# Your task
From the records that follow, return exactly the lines beginning at the one that contains "坂本さんも「真剣に歌っちゃう" and ending at the one that contains "The groom, not", pictures left out.

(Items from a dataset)
********************

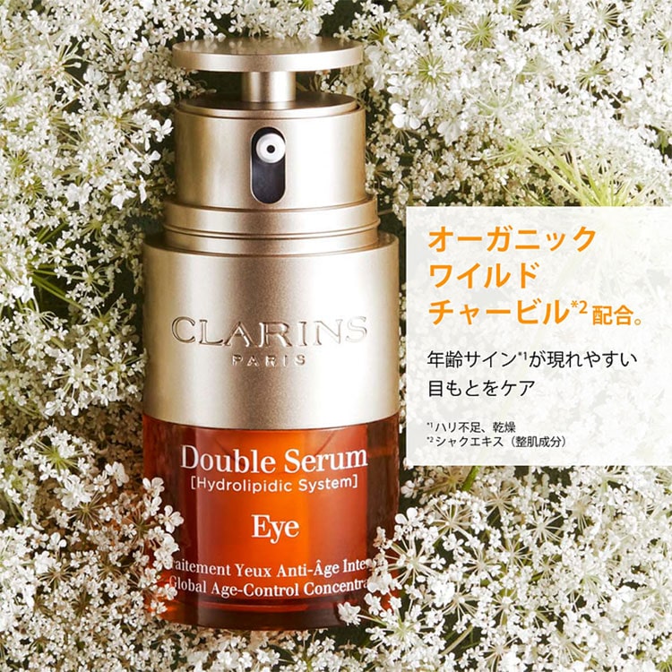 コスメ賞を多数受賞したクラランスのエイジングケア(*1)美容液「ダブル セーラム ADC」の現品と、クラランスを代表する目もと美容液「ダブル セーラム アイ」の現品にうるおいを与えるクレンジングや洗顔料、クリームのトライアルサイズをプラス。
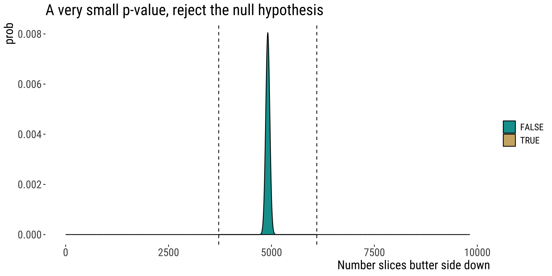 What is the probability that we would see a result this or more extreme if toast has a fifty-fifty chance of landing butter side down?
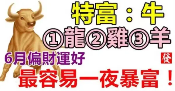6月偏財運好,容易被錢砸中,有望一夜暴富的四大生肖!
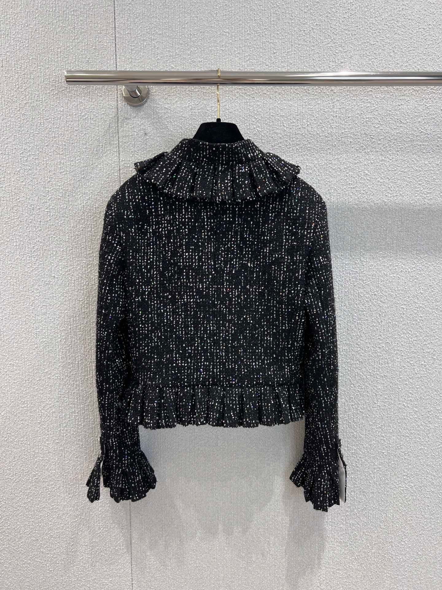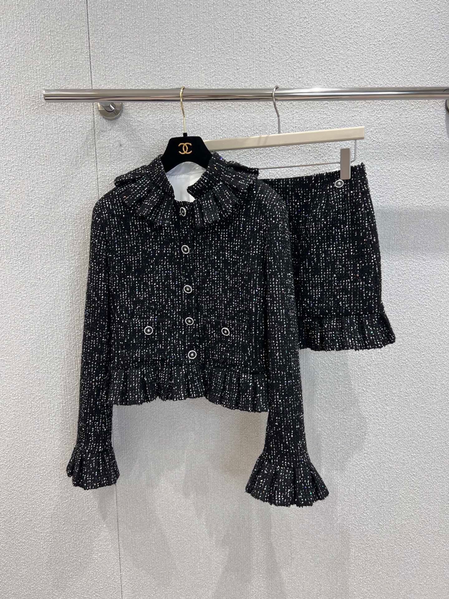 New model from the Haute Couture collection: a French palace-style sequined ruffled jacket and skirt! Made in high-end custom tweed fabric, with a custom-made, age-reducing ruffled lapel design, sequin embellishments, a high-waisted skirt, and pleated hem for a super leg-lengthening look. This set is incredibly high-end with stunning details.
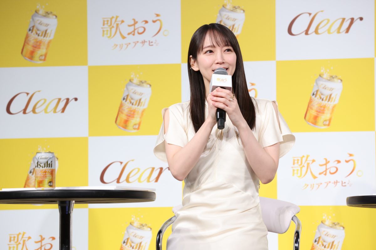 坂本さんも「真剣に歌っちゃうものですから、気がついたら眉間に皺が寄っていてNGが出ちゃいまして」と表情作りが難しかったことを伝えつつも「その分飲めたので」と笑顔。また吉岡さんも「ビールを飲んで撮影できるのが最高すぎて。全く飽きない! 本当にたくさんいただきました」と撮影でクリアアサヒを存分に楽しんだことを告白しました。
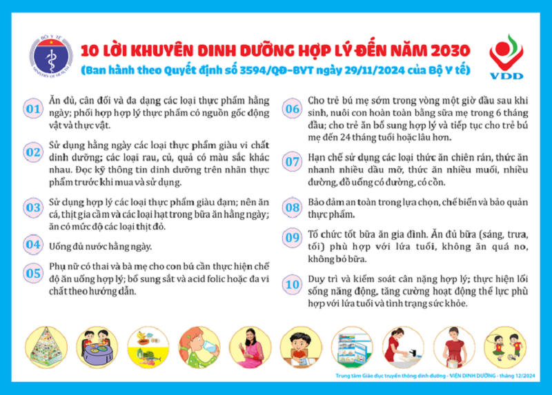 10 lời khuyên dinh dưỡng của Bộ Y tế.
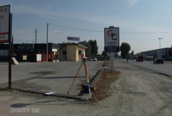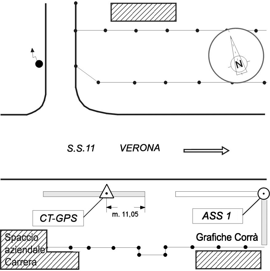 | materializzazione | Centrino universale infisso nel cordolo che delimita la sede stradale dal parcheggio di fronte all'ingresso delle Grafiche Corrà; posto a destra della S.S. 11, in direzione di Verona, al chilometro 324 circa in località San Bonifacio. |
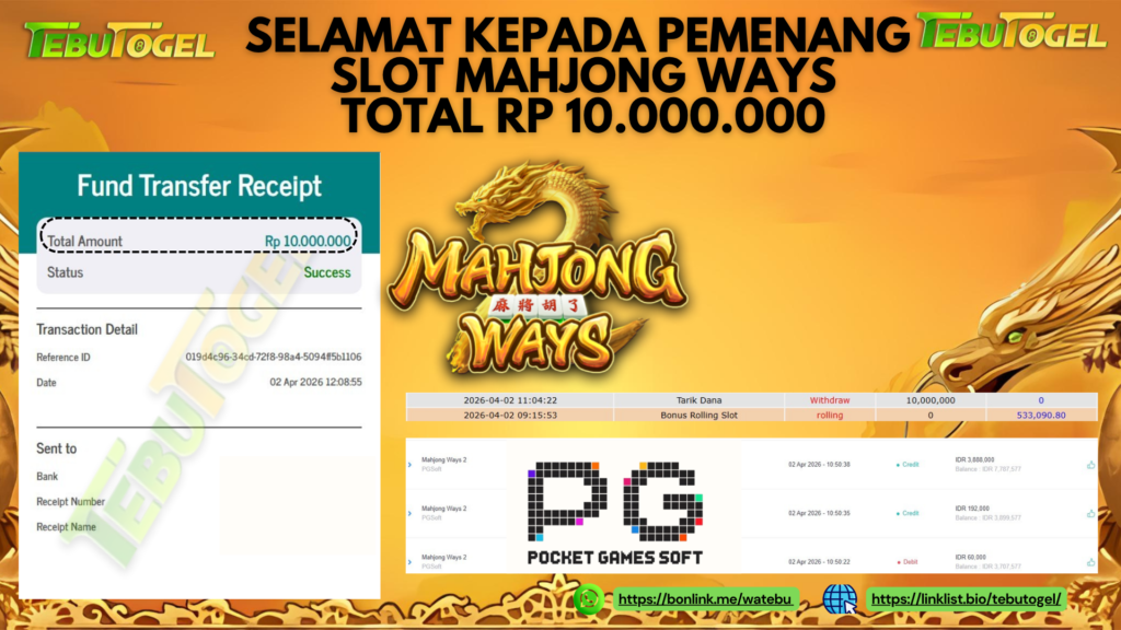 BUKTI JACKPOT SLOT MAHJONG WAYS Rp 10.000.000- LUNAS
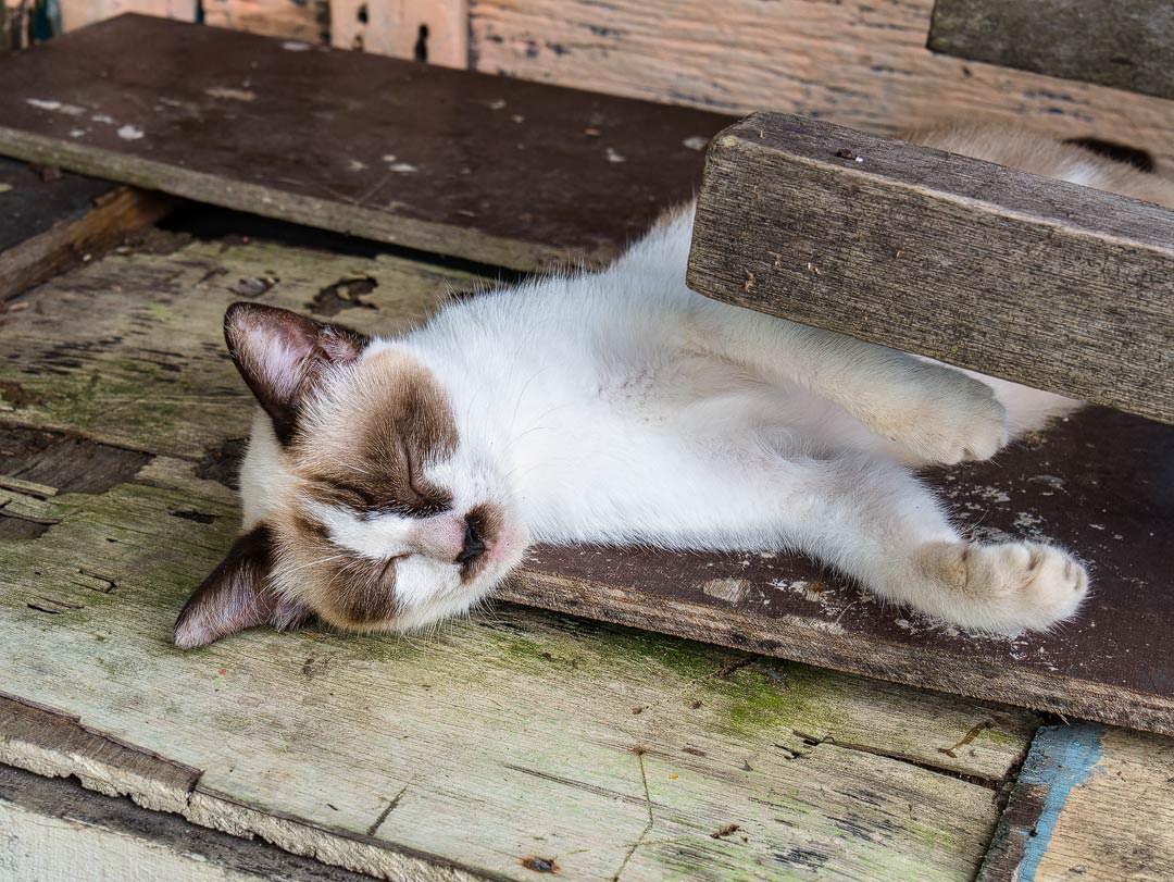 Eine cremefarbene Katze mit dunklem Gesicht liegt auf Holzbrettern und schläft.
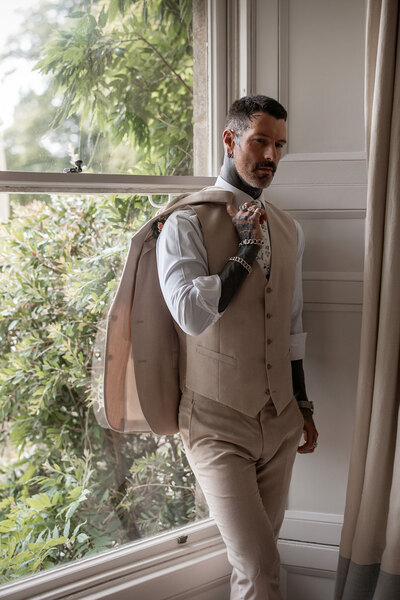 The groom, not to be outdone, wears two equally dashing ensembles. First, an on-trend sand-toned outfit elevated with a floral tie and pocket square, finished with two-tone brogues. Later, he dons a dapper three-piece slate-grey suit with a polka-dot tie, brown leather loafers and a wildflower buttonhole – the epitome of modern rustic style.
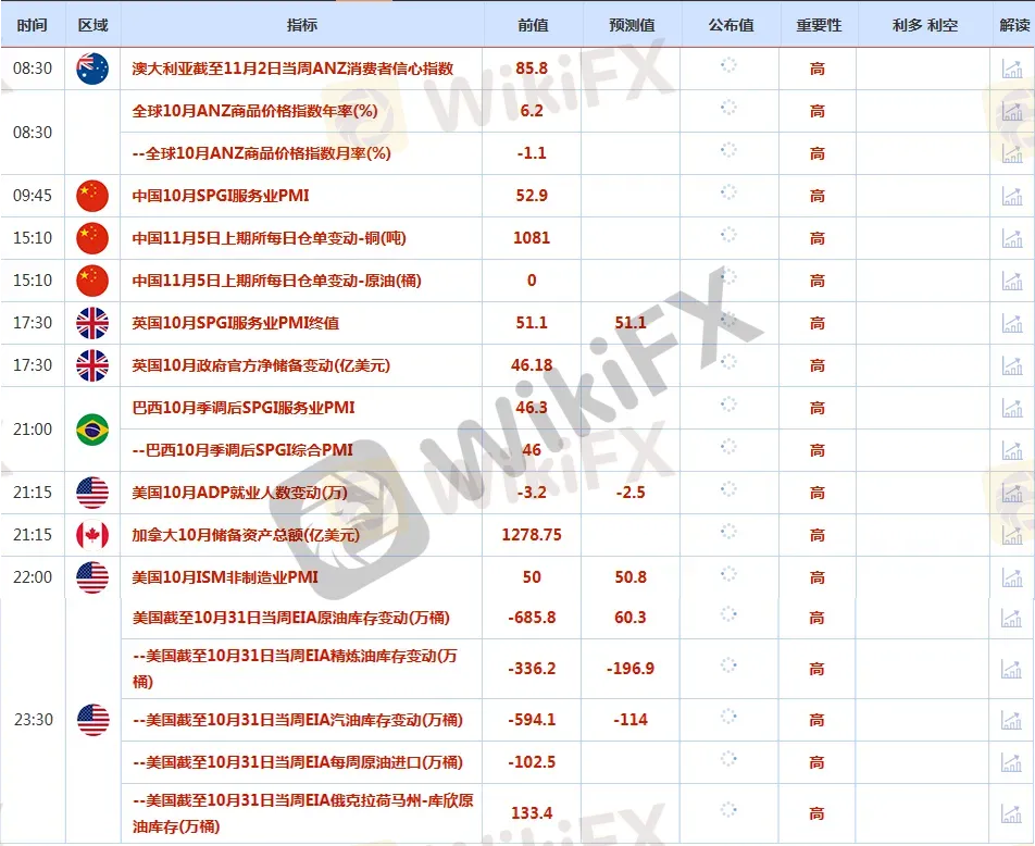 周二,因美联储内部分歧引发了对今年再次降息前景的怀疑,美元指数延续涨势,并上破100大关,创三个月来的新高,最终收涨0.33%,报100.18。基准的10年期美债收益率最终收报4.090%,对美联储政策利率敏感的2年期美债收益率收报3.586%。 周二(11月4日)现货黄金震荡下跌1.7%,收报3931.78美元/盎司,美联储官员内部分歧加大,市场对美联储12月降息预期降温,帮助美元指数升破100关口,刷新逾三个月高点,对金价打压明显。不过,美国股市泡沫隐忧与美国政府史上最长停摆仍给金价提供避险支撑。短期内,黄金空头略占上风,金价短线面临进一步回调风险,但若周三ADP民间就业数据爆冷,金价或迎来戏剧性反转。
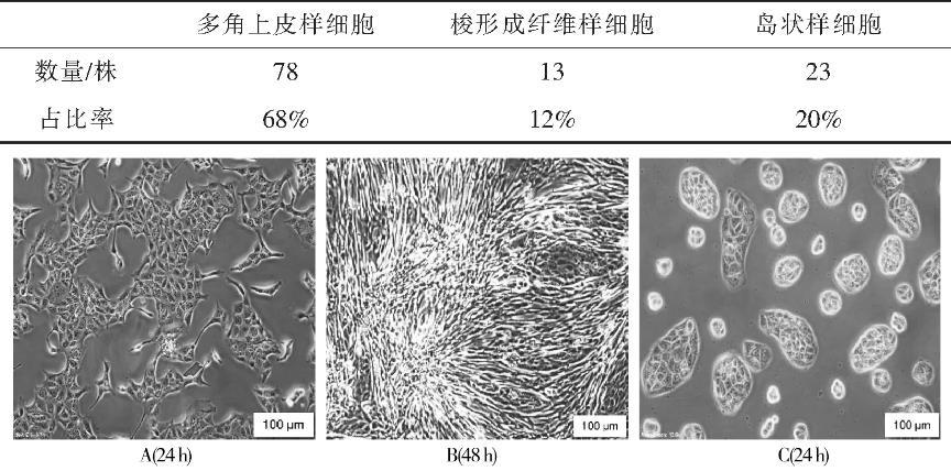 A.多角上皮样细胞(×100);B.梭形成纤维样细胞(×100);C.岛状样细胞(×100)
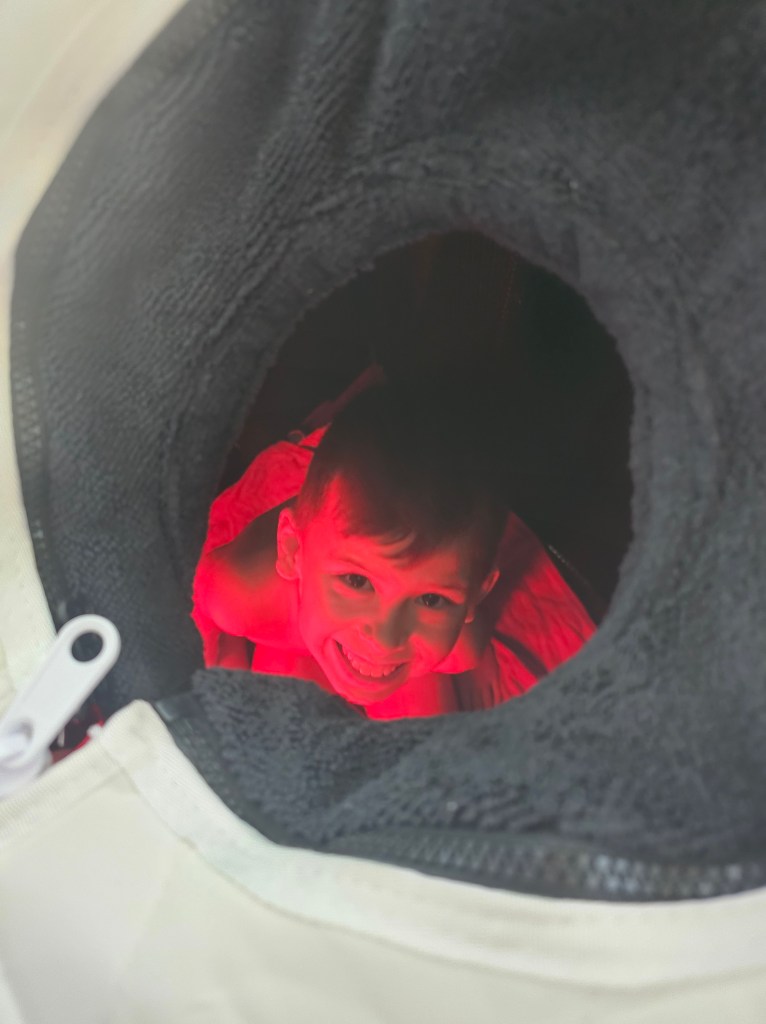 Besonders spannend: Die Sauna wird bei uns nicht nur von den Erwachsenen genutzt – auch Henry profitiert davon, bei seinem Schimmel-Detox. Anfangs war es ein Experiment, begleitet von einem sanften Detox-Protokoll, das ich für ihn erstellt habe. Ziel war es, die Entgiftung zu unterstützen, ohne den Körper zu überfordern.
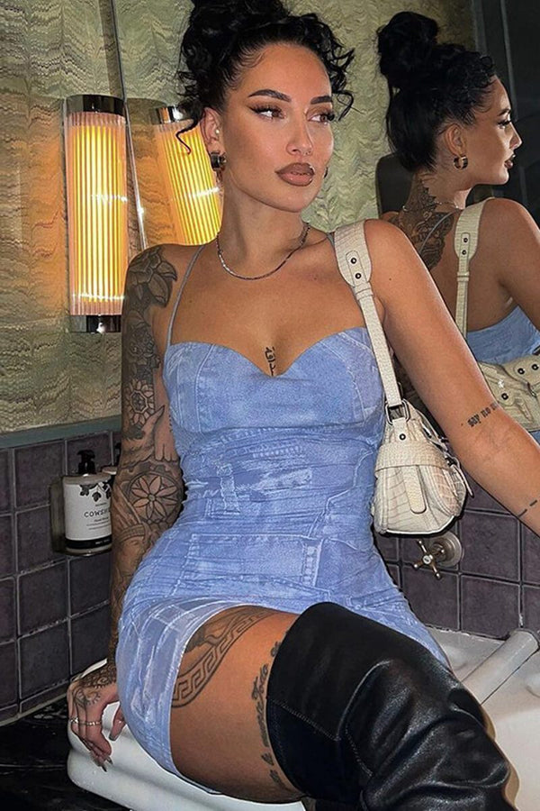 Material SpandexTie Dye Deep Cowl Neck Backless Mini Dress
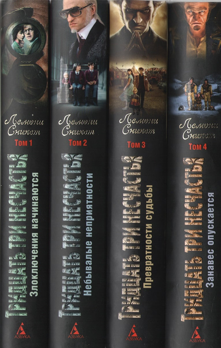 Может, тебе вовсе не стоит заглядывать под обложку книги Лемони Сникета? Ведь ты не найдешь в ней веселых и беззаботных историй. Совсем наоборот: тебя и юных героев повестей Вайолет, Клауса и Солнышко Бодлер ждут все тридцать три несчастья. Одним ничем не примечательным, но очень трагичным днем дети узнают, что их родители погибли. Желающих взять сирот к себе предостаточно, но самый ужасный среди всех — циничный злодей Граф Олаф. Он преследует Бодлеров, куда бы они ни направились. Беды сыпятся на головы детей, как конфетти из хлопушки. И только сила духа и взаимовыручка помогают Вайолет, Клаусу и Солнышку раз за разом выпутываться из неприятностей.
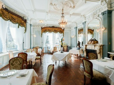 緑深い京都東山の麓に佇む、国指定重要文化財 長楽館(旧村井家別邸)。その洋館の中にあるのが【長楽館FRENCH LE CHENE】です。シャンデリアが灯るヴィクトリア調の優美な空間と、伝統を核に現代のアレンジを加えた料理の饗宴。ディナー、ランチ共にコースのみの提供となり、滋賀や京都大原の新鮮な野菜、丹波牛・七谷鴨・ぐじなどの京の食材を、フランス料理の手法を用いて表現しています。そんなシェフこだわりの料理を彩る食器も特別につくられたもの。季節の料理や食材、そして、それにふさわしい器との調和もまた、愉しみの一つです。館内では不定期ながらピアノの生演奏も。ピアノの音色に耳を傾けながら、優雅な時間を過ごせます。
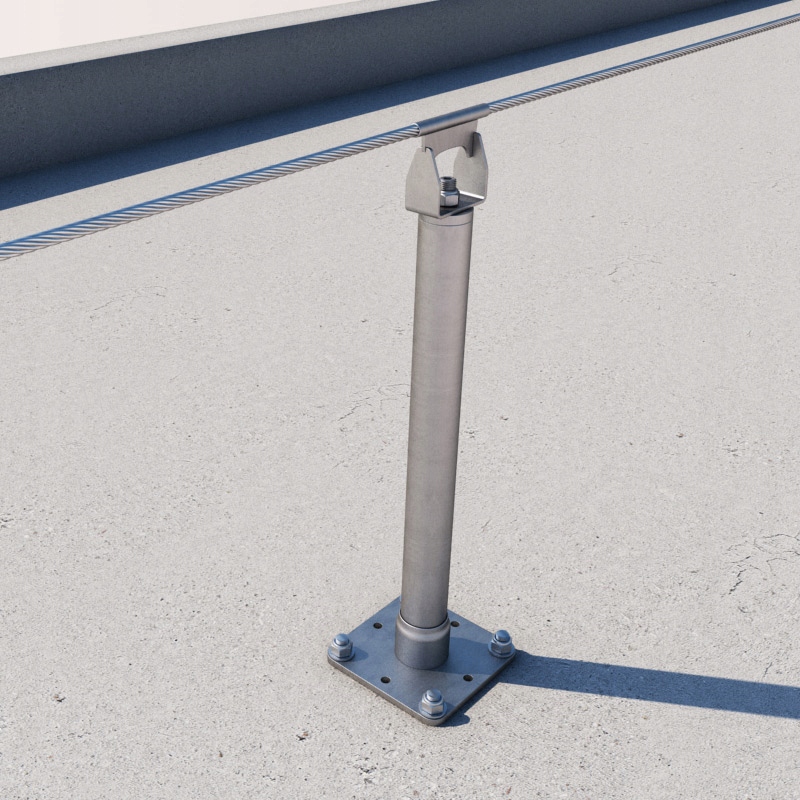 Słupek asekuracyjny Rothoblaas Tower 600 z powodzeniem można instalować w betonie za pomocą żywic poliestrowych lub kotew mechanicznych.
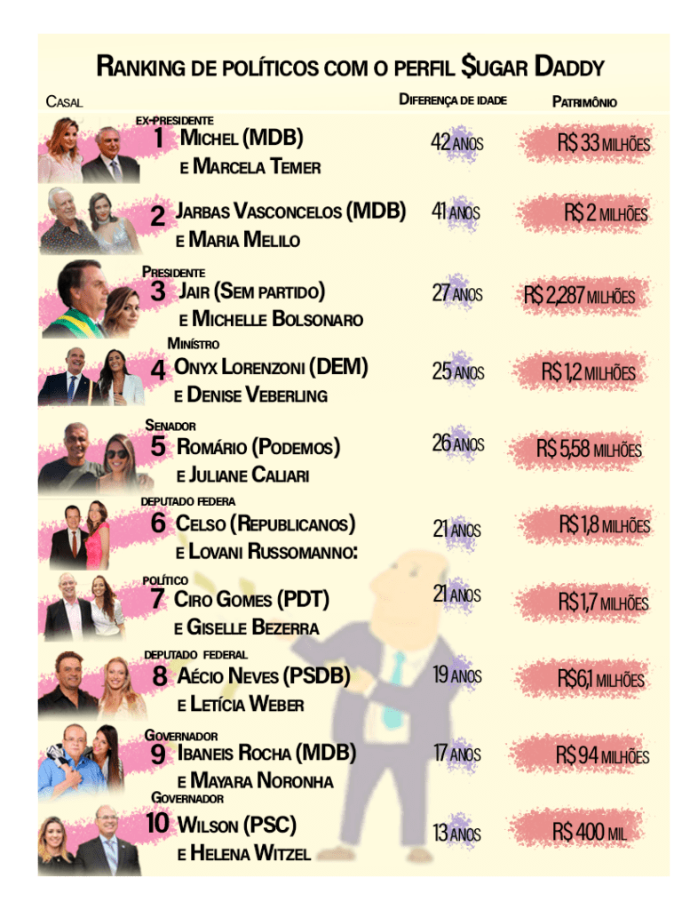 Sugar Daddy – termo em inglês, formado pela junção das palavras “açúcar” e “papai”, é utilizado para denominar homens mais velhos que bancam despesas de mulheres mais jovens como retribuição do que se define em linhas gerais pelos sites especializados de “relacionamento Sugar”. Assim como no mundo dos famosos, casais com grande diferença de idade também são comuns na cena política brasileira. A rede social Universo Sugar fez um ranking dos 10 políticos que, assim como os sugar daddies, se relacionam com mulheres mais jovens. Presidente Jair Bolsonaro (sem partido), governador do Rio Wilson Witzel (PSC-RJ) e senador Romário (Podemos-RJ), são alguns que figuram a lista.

********************

# Result of this exercise
 坂本さんも「真剣に歌っちゃうものですから、気がついたら眉間に皺が寄っていてNGが出ちゃいまして」と表情作りが難しかったことを伝えつつも「その分飲めたので」と笑顔。また吉岡さんも「ビールを飲んで撮影できるのが最高すぎて。全く飽きない! 本当にたくさんいただきました」と撮影でクリアアサヒを存分に楽しんだことを告白しました。
 10 lời khuyên dinh dưỡng của Bộ Y tế.
 | materializzazione | Centrino universale infisso nel cordolo che delimita la sede stradale dal parcheggio di fronte all'ingresso delle Grafiche Corrà; posto a destra della S.S. 11, in direzione di Verona, al chilometro 324 circa in località San Bonifacio. |
 BUKTI JACKPOT SLOT MAHJONG WAYS Rp 10.000.000- LUNAS
 Eine cremefarbene Katze mit dunklem Gesicht liegt auf Holzbrettern und schläft.
 The groom, not to be outdone, wears two equally dashing ensembles. First, an on-trend sand-toned outfit elevated with a floral tie and pocket square, finished with two-tone brogues. Later, he dons a dapper three-piece slate-grey suit with a polka-dot tie, brown leather loafers and a wildflower buttonhole – the epitome of modern rustic style.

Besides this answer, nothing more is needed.